At least, I take some comfort in knowing that what Forrest Gump’s mother meant was, “It’s not about how smart you are, but what you do with it.” It’s also possibly important to understand that the other thing she always said was from the perspective of someone who’s illiterate. She maybe seemed like she had her act together, but she didn’t strike me as the sort who would raise a boy who couldn’t read if she could read herself.

From the report of my first day at preschool, I was absolutely an extroverted child who wanted to be everybody’s friend. I still would like to be friends with a lot of people, even though I understand that most of the people in this world want to not be my friend. It’s OK. I can live with that. And being online helps, as I can write these long messages and pretend that someone out there will appreciate them.

And then I hit post comment and don’t look back, because I’ve seen what people say too frequently in response to feel that’s safe.

I think the main thing that makes using Patreon difficult is when the fan has little to no money to give themselves

But of course I grew up alongside modern tech, so the usage itself comes second nature to me

This is one rule that I’ve learned-
Try not to look up a bully(s) that were in your school, from about 4 or more years ago.

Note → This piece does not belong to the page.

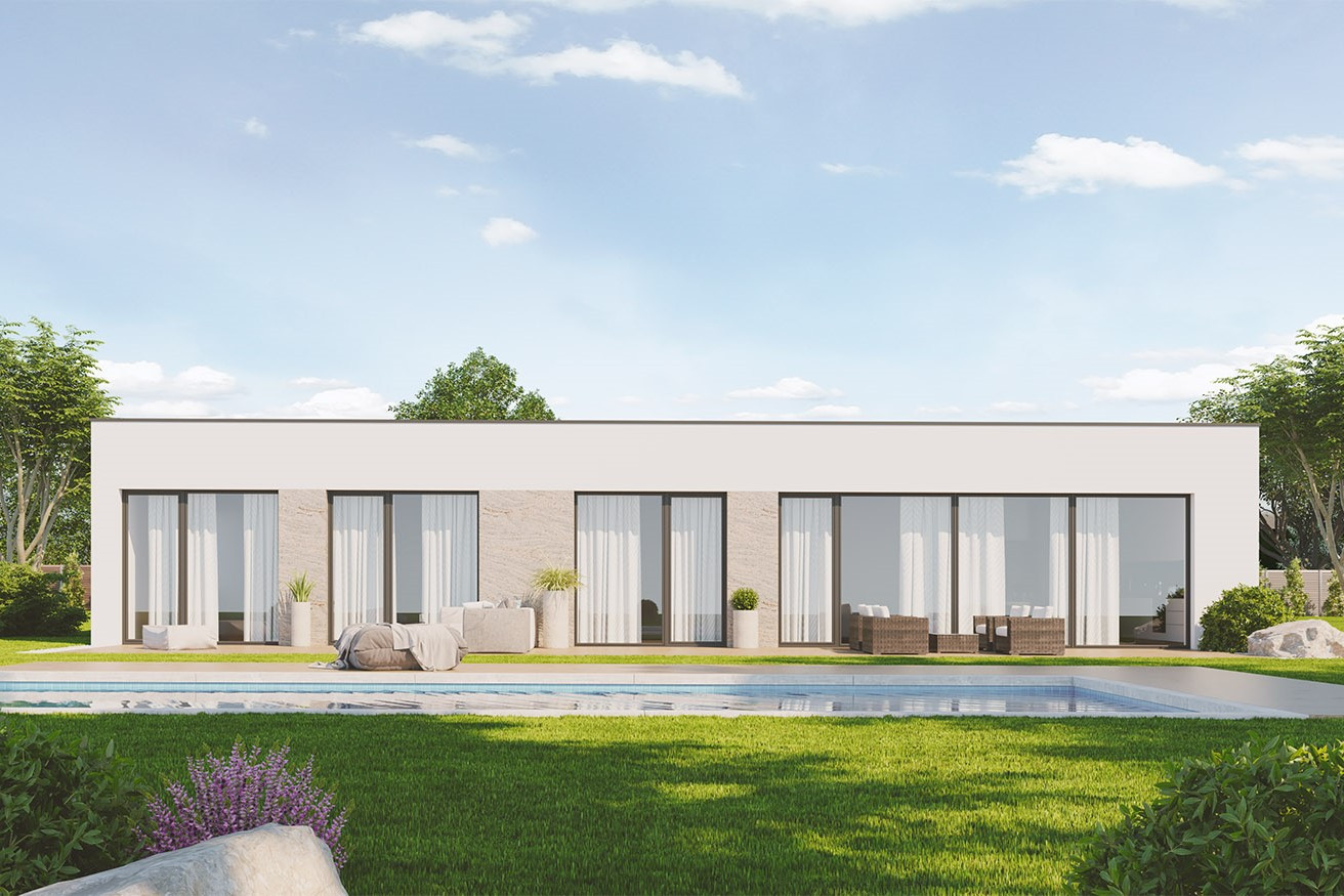 Bungalov s dispozicí ve tvaru písmene L se řadí mezi nejoblíbenější typy rodinných domů u nás. Oddělená denní a noční zóna s vlastním zázemím zajišťují pohodlný provoz domácnosti. K výhodám patří i rohová terasa a integrovaná garáž propojená se zádveřím.

I found blog-type sites that mentioned two bullies that I knew…and that was a mistake. Ugh. man.

If you have any amount of conscious, like I do,…you might find that one or more of them now look kind of…very unhappy, or almost friendless, + then you’ll feel like crap for looking them up just to find dirt on them.
“Let sleeping dogs lie”, or some kind of idea like that. Hm.

I do take slight issue with Jon saying Jo’s more quiet than “most girls” instead of “most people”, cause as someone who gets talked over a lot and easily overwhelmed by noise I notice that women both talk over me less /and/ don’t talk as loud as men.
Although maybe this is just an example of Jon’s learned sexism that he hasn’t gotten to unlearning yet, I do know people tend to perceive women as dominating the conversation if they take up an equal portion of it instead of the customary 30%.

So, is Jo supposed to be ashamed of being a “girl” (a particular *kind* of person)? Seems to me that encouraging generic mediocrity is “anti-person”.

But then, I’m neither woke nor politically correct. I prefer to be awake and actually correct.

“How do you act if someone makes fun of you? If a friend suddenly betrays you how do you protect yourself? If they do this, I do this, if they do that I do this. I say this, they say that, I say this…
I can do it so fast now I barely even think about it. I don’t know if it’s maladaptive behavior, or just the way I decided to cope with things.”

That can be maladaptive or beneficial, it depends on what you do with it.

“It’s why I always have something mean to say.”

This is fine.

“Learning to spot someone’s deepest insecurities so you can hit back harder if they hit you first. Then you learn to strike first so they can’t hit you at all.”

This sounds maladaptive.

“Of course, no matter how good you are at guessing what someone might do, there’s still a chance you’ll be wrong, but you remove the element of chance by choosing for them. It become proactive instead of reactive.”

And this is back to being uncertain.

But what I’ve seen you do in the comic is, for the most part, not maladaptive. Verbal Judo or Akido, rather than verbal Karate or Fisticuffs. Don’t attack, just move so that you’re not exposed. Move them so they don’t feel inclined to attack. And with the rest of your words, you move them to a point where they don’t feel as much of a need to attack others either.

Your grandmother was right. You are a Special Angel. If the world had enough people like you, maybe one day we could have peace. Knowing people, it would probably just be one day. But it would be a nice day.